Demaizière et Dubuisson mettent en avant l’aspect social de la formation : la composante sociale et humaine ne saurait être négligée. Les dispositifs de formation récents, montés avec sérieux, cherchent à intégrer des périodes de regroupement, un suivi du travail de l’apprenant par un tuteur, des modes de communication entre apprenant et formateur ou entre apprenants inscrits à une même formation.195

Cet aspect ne doit en aucun cas être coupé de la formation ou remplacé par l’utilisation de l’EAO. Le travail sur l’EAO peut être un point de départ d’une discussion entre l’apprenant et le tuteur (tel qu’il est conçu à Lyon 1), ce qui valorise la formation.

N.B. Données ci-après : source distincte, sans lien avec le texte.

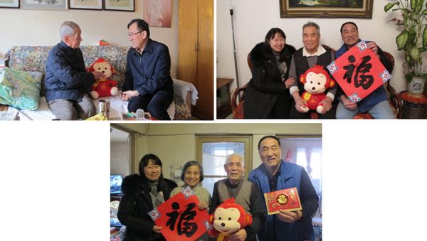 猴年春节前夕,医院党委书记李惠君、副书记王峥带领医院工会、离退休管理处,走访慰问了王志远、陈德林、赵永斌等离休老领导,朱晓东、高润霖、薛淑华等市(省部级)劳模、先进工作者,全国先进工作者周宪梁,张英珊等学科创始人及老党员、离退休患病职工等,转达了北京市教育工会及院校工会的关怀,并代表医院党政领导,向他们致以新春的问候,送去美好的祝福。
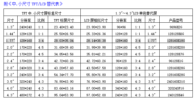 以上是小编整理出来可以单色屏替代TFT液晶屏的尺寸表,有需要的可以咨询南京罗姆官网客服!

L’EAO est un outil qui peut servir à débloquer un apprenant car il met l’apprenant seul face à lui-même. Mais il ne peut pas remplacer l’homme. Et en même temps, il ne faut pas l’utiliser dans un contexte « de vide social et affectif ».196 Son rôle innovant serait accompli dans un dispositif de « travail en centre de ressources à horaires flexibles, diversification des parcours possibles pour atteindre un objectif de formation adapté aux attentes de chacun, etc. »197

Il est important de rappeler que les utilisateurs de notre création sur outil multimédia sont des étudiants qui suivent des cours de langues avec un enseignant. Le travail qu'ils font sur multimédia est intégré à un parcours individualisé et non à un groupe-classe.198 Ces deux aspects doivent écarter certains types d'outils.

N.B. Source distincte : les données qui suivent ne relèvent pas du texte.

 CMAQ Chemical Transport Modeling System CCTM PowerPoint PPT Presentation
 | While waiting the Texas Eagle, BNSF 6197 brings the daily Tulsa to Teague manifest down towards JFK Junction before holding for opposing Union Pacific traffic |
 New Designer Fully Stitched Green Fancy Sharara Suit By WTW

Il faut d'abord écarter les outils qui feraient double usage avec le cours de langue. Tout ce qui est centré sur la situation de communication, par exemple, se fait mieux en atelier de communication que sur multimédia. Il faut aussi écarter les outils qui favoriseraient un travail guidé sur place par un enseignant. Un exemple serait un module qui n’a pas d’instructions explicites. Ce type de module pourrait servir à plusieurs objectifs ou activités et nécessite l’explication de l’enseignant pour que l’utilisateur puisse fournir un travail adéquat.

195 Demaizière et Dubuisson, 1992, p. 121.

196 Op. cit., p. 122.

197 Op. cit., p. 123.

198 voir plus haut « Situer les centres de ressources langues à l’Université », chapitre III. D.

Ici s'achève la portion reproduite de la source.